MHB Field lines of 3D vector functions

[brunette15]

My question regards finding the field lines of the 3D vector function F(x,y,z) = yzi + zxj + xyk.

I was able to compute them to be at the curves x^2 - y^2 = C and x^2 -z^2 = D, where C and D are constants.

From my understanding the field lines will occur at the intersection of these two curves, however I am struggling to understand why the field lines occur at the intersection. If anyone can please just clarify or give me more of an insight as to what is actually happening with the field lines of this vector function that would be very helpful :)

 

[I like Serena]

My question regards finding the field lines of the 3D vector function F(x,y,z) = yzi + zxj + xyk.

I was able to compute them to be at the curves x^2 - y^2 = C and x^2 -z^2 = D, where C and D are constants.

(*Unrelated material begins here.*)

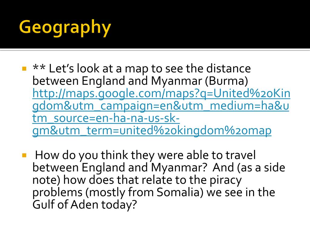 Geography • ** Let’s look at a map to see the distance between England and Myanmar (Burma) http://maps.google.com/maps?q=United%20Kingdom&utm_campaign=en&utm_medium=ha&utm_source=en-ha-na-us-sk-gm&utm_term=united%20kingdom%20map • How do you think they were able to travel between England and Myanmar? And (as a side note) how does that relate to the piracy problems (mostly from Somalia) we see in the Gulf of Aden today?

From my understanding the field lines will occur at the intersection of these two curves, however I am struggling to understand why the field lines occur at the intersection. If anyone can please just clarify or give me more of an insight as to what is actually happening with the field lines of this vector function that would be very helpful :)

Hi brunette15! ;)

If we pick a point on the intersection curve and consider it part of a field line, we can try and see in which direction that field line has to go.
The normal of the first surface is given by the gradient of $x^2 - y^2$, which is $2x\boldsymbol{\hat\imath} - 2y\boldsymbol{\hat\jmath}$.
That just happens to be perpendicular to the given direction $\mathbf F(x,y,z)$ of a field line, which we can tell from their dot product, which is zero.
The same holds for the second surface.
In other words the direction of the intersection curve is parallel to the direction of the field line.
That means that the field line coincides with the curve of intersection.

 

[brunette15]

Hi brunette15! ;)

If we pick a point on the intersection curve and consider it part of a field line, we can try and see in which direction that field line has to go.
The normal of the first surface is given by the gradient of $x^2 - y^2$, which is $2x\boldsymbol{\hat\imath} - 2y\boldsymbol{\hat\jmath}$.
That just happens to be perpendicular to the given direction $\mathbf F(x,y,z)$ of a field line, which we can tell from their dot product, which is zero.
The same holds for the second surface.
In other words the direction of the intersection curve is parallel to the direction of the field line.
That means that the field line coincides with the curve of intersection.

That helps a lot! Thankyou so much! :D